If you see a picture in the data below, omit it and copy the rest exactly.
[INFORMATION PROVIDED]
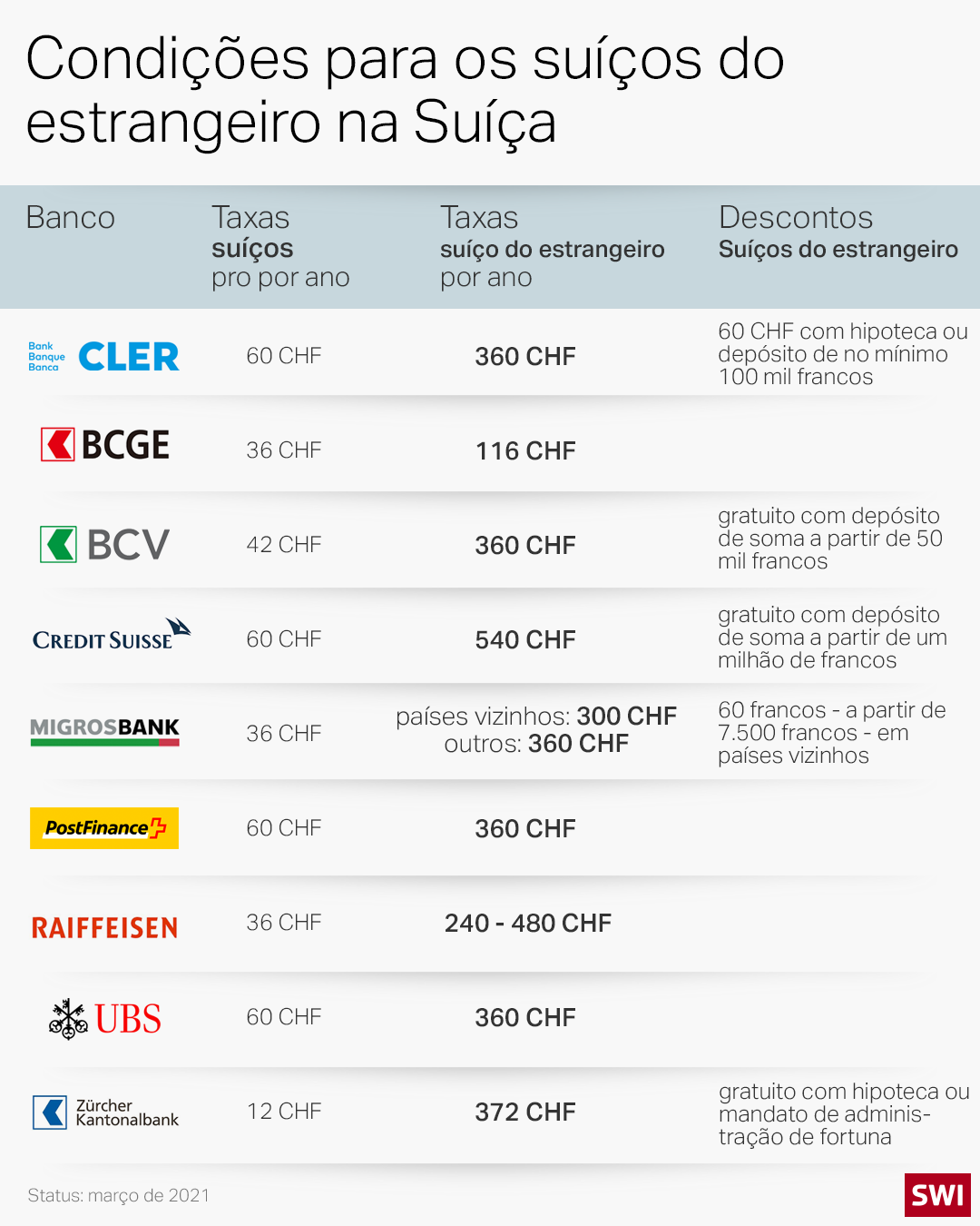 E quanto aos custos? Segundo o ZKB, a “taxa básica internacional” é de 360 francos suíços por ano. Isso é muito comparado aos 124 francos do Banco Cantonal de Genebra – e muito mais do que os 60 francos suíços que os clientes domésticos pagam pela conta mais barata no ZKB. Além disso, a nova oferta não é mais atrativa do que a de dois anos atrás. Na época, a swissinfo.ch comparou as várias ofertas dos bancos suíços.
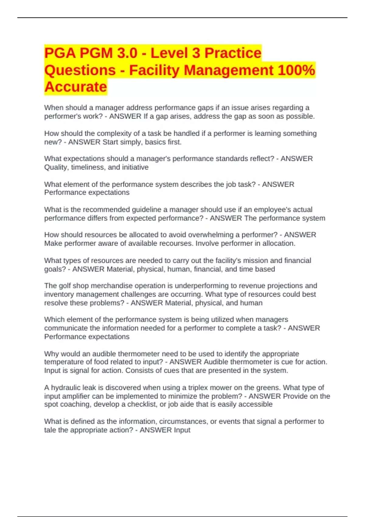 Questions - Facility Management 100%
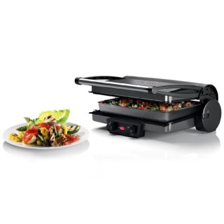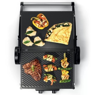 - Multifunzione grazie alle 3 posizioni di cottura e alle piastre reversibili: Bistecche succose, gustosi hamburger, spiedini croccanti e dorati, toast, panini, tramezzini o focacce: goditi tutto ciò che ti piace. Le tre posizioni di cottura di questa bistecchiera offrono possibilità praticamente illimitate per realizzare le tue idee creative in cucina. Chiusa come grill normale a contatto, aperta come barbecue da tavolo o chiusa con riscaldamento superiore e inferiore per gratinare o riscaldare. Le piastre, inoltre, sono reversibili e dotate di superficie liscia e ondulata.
[/INFORMATION PROVIDED]
• [ANSWER]
 E quanto aos custos? Segundo o ZKB, a “taxa básica internacional” é de 360 francos suíços por ano. Isso é muito comparado aos 124 francos do Banco Cantonal de Genebra – e muito mais do que os 60 francos suíços que os clientes domésticos pagam pela conta mais barata no ZKB. Além disso, a nova oferta não é mais atrativa do que a de dois anos atrás. Na época, a swissinfo.ch comparou as várias ofertas dos bancos suíços.
 Questions - Facility Management 100%
 - Multifunzione grazie alle 3 posizioni di cottura e alle piastre reversibili: Bistecche succose, gustosi hamburger, spiedini croccanti e dorati, toast, panini, tramezzini o focacce: goditi tutto ciò che ti piace. Le tre posizioni di cottura di questa bistecchiera offrono possibilità praticamente illimitate per realizzare le tue idee creative in cucina. Chiusa come grill normale a contatto, aperta come barbecue da tavolo o chiusa con riscaldamento superiore e inferiore per gratinare o riscaldare. Le piastre, inoltre, sono reversibili e dotate di superficie liscia e ondulata.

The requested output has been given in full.